:: Dataset extract ::

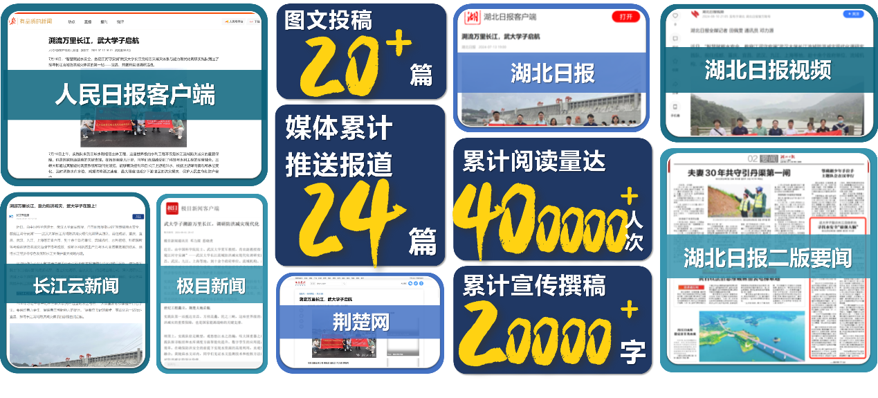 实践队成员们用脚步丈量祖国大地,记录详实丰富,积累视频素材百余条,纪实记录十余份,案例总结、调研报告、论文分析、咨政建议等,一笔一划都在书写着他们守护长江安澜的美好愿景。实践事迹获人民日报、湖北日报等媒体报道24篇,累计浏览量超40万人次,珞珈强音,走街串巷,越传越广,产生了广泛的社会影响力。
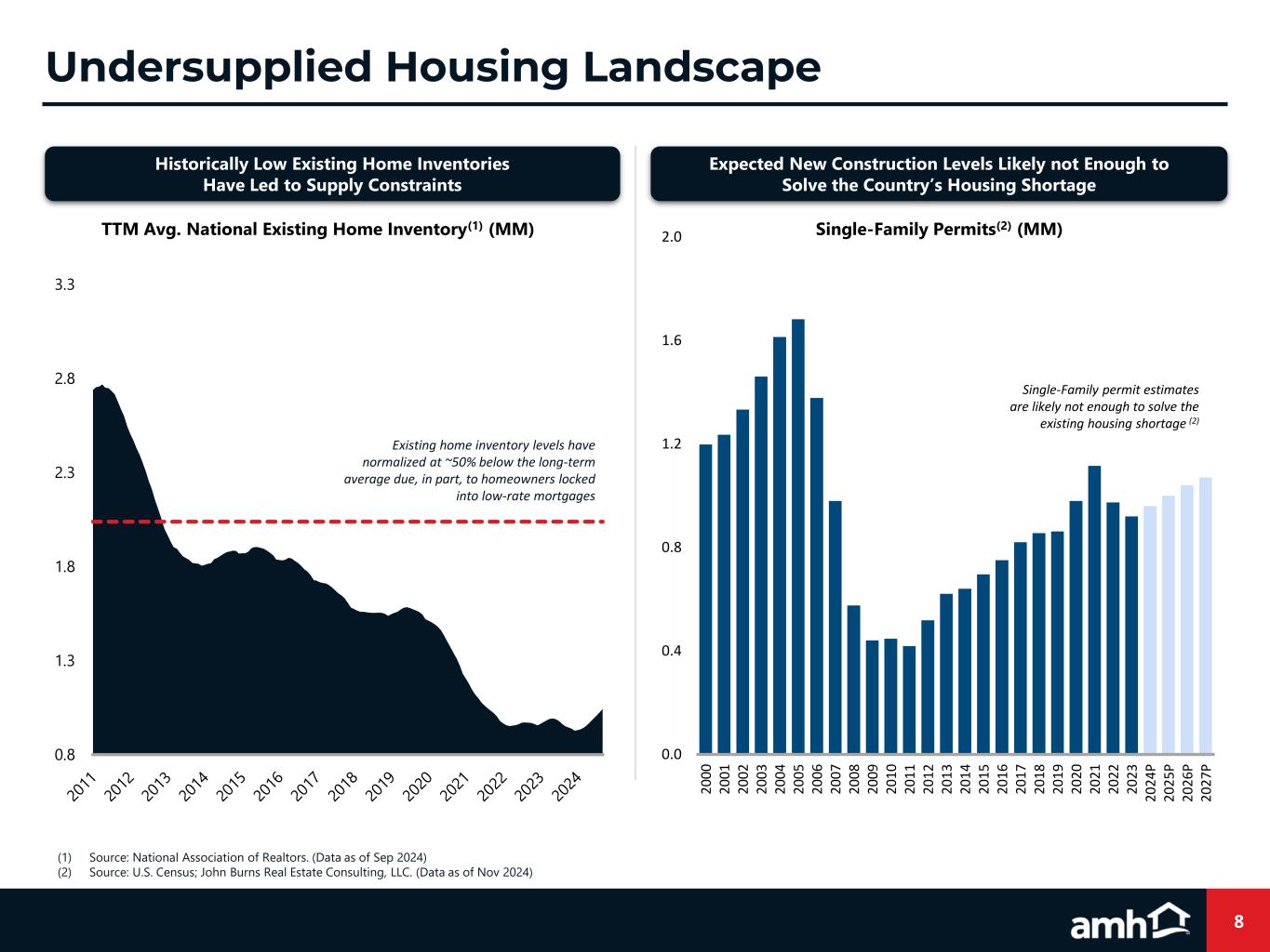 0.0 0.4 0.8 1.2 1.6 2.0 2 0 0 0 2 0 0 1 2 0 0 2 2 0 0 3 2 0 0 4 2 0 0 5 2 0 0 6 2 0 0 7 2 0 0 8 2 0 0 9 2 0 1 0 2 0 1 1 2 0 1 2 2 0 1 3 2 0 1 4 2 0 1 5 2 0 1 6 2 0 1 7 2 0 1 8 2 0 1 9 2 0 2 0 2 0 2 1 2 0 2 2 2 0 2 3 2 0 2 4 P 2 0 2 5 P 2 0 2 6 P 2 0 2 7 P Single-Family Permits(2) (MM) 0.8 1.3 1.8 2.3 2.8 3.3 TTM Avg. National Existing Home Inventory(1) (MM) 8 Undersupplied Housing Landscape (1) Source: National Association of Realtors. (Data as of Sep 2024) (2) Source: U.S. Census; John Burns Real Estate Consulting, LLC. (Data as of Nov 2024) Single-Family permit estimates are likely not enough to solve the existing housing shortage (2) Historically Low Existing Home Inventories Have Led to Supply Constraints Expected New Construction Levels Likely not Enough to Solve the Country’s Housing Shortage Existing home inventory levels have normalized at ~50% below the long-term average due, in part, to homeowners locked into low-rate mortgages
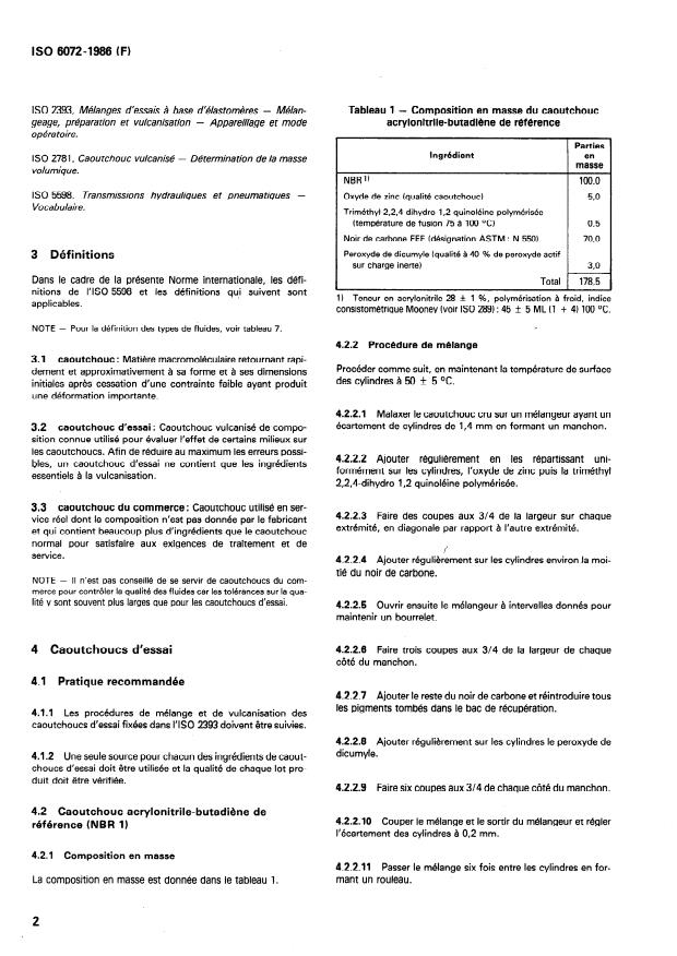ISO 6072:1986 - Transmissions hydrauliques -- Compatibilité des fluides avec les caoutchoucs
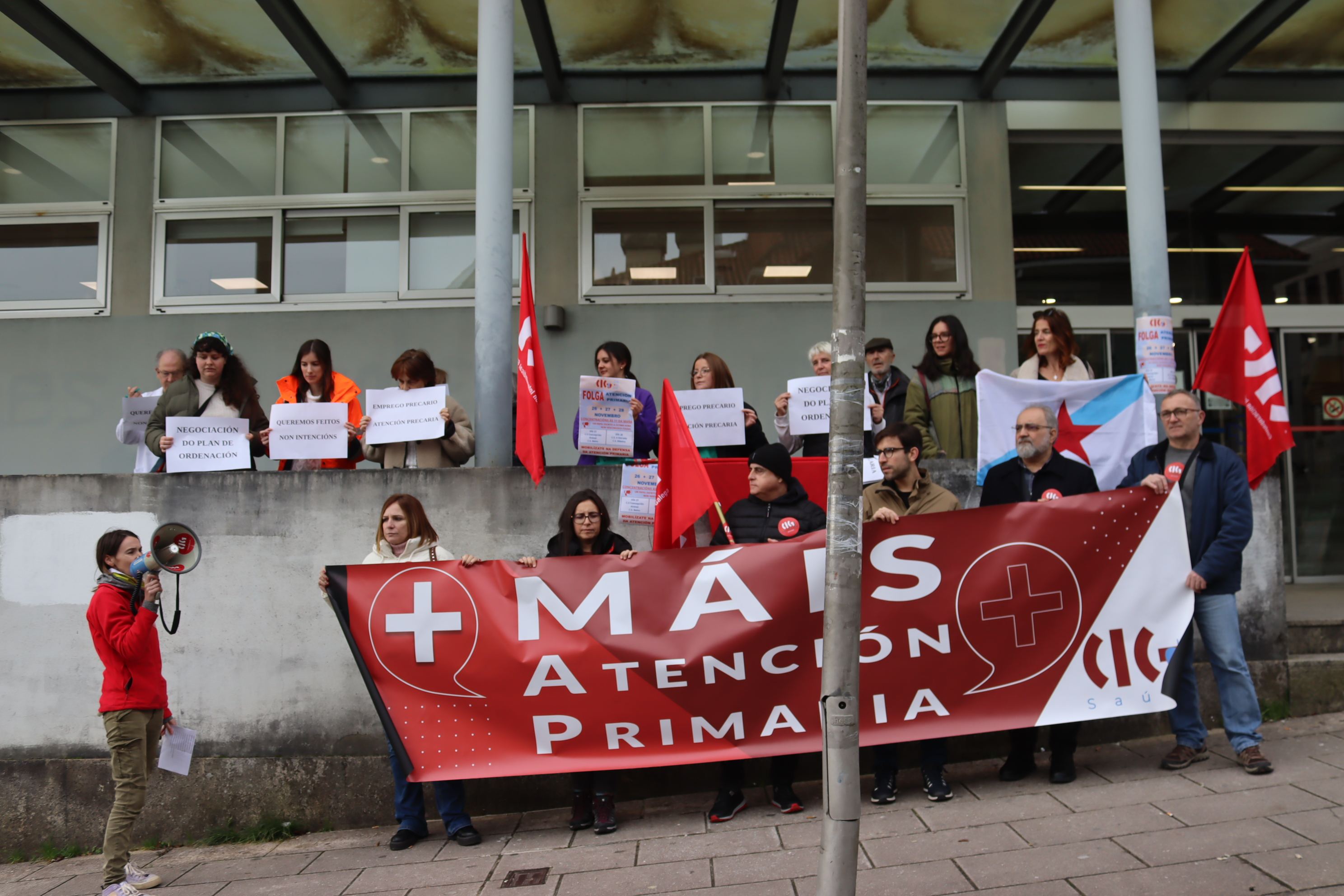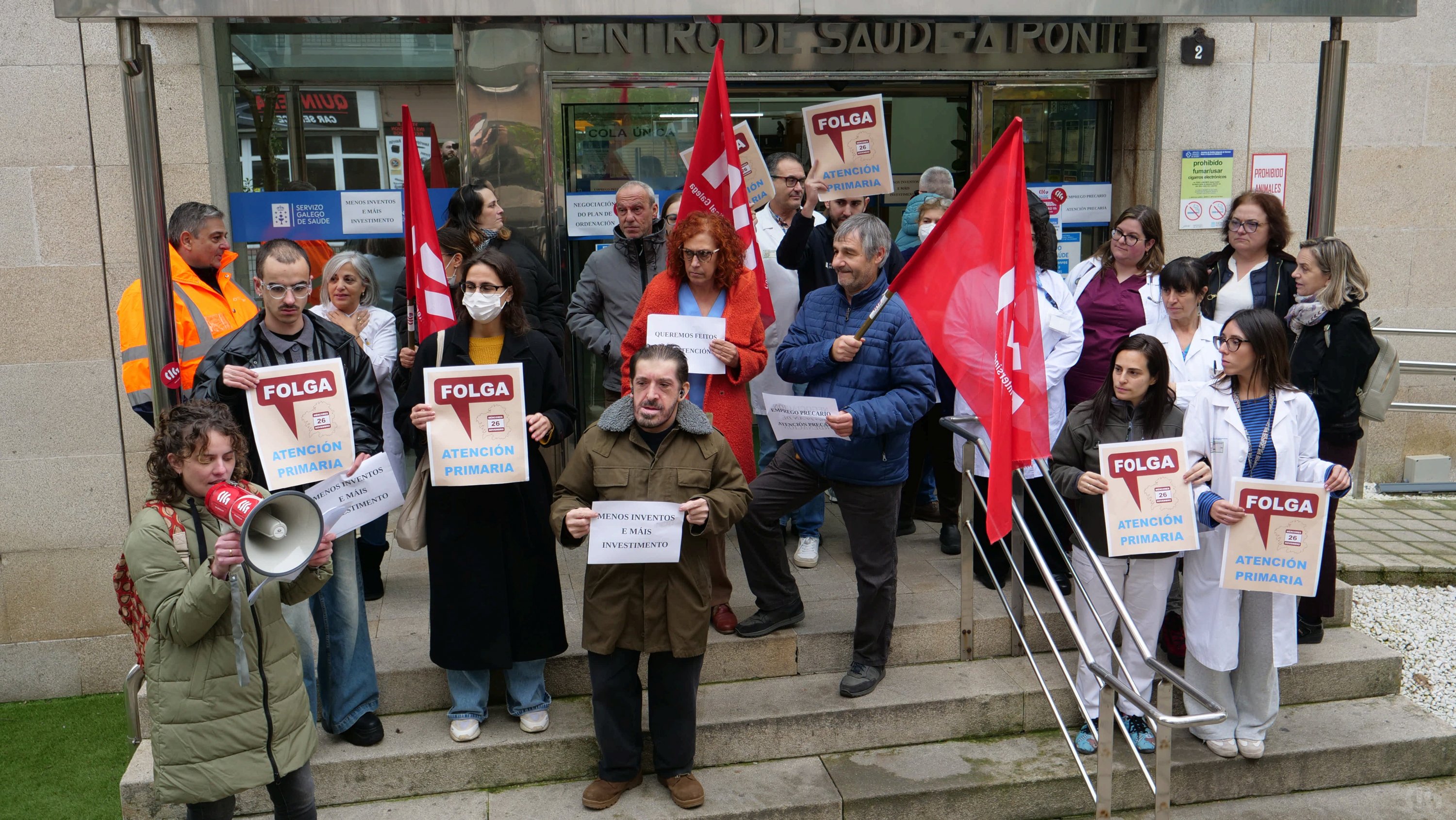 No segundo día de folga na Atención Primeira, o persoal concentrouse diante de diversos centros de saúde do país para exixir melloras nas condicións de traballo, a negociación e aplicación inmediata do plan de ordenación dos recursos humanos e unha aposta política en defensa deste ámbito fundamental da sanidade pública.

:::

_Task brief_
Every line of the listing above is to be set down verbatim, without the pictures.

_Task solution_
 实践队成员们用脚步丈量祖国大地,记录详实丰富,积累视频素材百余条,纪实记录十余份,案例总结、调研报告、论文分析、咨政建议等,一笔一划都在书写着他们守护长江安澜的美好愿景。实践事迹获人民日报、湖北日报等媒体报道24篇,累计浏览量超40万人次,珞珈强音,走街串巷,越传越广,产生了广泛的社会影响力。
 0.0 0.4 0.8 1.2 1.6 2.0 2 0 0 0 2 0 0 1 2 0 0 2 2 0 0 3 2 0 0 4 2 0 0 5 2 0 0 6 2 0 0 7 2 0 0 8 2 0 0 9 2 0 1 0 2 0 1 1 2 0 1 2 2 0 1 3 2 0 1 4 2 0 1 5 2 0 1 6 2 0 1 7 2 0 1 8 2 0 1 9 2 0 2 0 2 0 2 1 2 0 2 2 2 0 2 3 2 0 2 4 P 2 0 2 5 P 2 0 2 6 P 2 0 2 7 P Single-Family Permits(2) (MM) 0.8 1.3 1.8 2.3 2.8 3.3 TTM Avg. National Existing Home Inventory(1) (MM) 8 Undersupplied Housing Landscape (1) Source: National Association of Realtors. (Data as of Sep 2024) (2) Source: U.S. Census; John Burns Real Estate Consulting, LLC. (Data as of Nov 2024) Single-Family permit estimates are likely not enough to solve the existing housing shortage (2) Historically Low Existing Home Inventories Have Led to Supply Constraints Expected New Construction Levels Likely not Enough to Solve the Country’s Housing Shortage Existing home inventory levels have normalized at ~50% below the long-term average due, in part, to homeowners locked into low-rate mortgages
ISO 6072:1986 - Transmissions hydrauliques -- Compatibilité des fluides avec les caoutchoucs
 No segundo día de folga na Atención Primeira, o persoal concentrouse diante de diversos centros de saúde do país para exixir melloras nas condicións de traballo, a negociación e aplicación inmediata do plan de ordenación dos recursos humanos e unha aposta política en defensa deste ámbito fundamental da sanidade pública.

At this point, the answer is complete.